Contextual and Global Falsification of Scientific Models further develops the project’s diagnostics of validity. The paper shows that scientific models are not simply true or false, but can fail in particular contexts without thereby becoming entirely worthless. In this way, falsification becomes more differentiated and more closely tied to questions of domain and model architecture.

Efficient Search under Finite Conditions addresses the exploratory pole of model management. It describes how search processes can mediate between stabilization and the opening of new possibilities. In this way, it complements the project’s core by asking how new robust orders can be found at all under limited resources.

Revision under Finite Conditions explicitly brings these lines together. The paper presents revision as the mediating transformation operation between friction, falsification, search, and renewed stabilization. In doing so, it makes visible the operative core movement of epistemics: models are not merely formed or discarded, but are orderly rebuilt under pressure.

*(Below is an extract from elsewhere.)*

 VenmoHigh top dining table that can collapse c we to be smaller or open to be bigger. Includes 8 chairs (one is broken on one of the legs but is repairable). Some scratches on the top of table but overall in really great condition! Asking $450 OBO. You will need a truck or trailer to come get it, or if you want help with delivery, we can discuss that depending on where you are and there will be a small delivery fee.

Beyond Physics and Metaphysics extends the framework toward a broader question of order. The paper introduces the distinction among subjective, intersubjective, and functional-empirical reality and shows that many conflicts arise because these domains are silently conflated. It is thus a key text for the project’s larger architecture of reality.

Relative Reality Theory deepens this work of ordering. The paper asks in what sense something can count as real and develops a layered view of reality, validity, and stability. It is especially helpful where conflicts do not arise simply from a lack of facts, but from competing claims about reality.



Why a Cosmological World Model Is Not Enough shows how the basic ideas of epistemics can be applied to a concrete scientific field. The paper argues that persistent tensions in modern cosmology need not be merely local measurement problems, but may also point to an overextension of architectural claims to unity. It therefore serves as a first clear application example of the project.

The Limits of the Self in Ontological Materialism does not belong directly to the core schema of epistemics, but stands in close relation to its general problematic. The paper investigates the question of personal identity and shows that a strictly materialist framework cannot ground exclusive personal persistence without additional assumptions. In this way, it marks an important adjacent contribution, showing how questions of models, claims about reality, and limitation also become relevant in other philosophical fields.

Taken together, then, the individual papers do not form a loose juxtaposition, but a coherent structure. Some texts lay bare the conceptual and operative architecture, others clarify broader questions of order, and still others show applications or adjacent zones of difficulty. That is precisely why Epistemics.de is meant to be not merely a collection of publications, but a readable map of the project.





11. Why Epistemics Is Necessary Today

Epistemics begins with a simple but far-reaching insight: we do not grasp the world directly, but only in ordered, robust, and always provisional forms. That is precisely where its importance lies. It makes visible that knowledge does not rest on ultimate foundations, but on assumptions, stabilizations, and revisions that make orientation and action possible in the first place. At the same time, it explains why such orders so easily come to appear as reality itself, even though they hold only under finite conditions.

In this sense, epistemics does not seek to proclaim an ultimate reality, but to make readable the forms through which reality becomes intelligible, robust, and corrigible for us at all. That is exactly why it is today more than a specialized philosophical topic. In a world of growing complexity, technical dynamism, and competing claims about reality, it becomes increasingly important not merely to accumulate more knowledge, but to understand the orders through which knowledge, validity, and orientation become possible in the first place.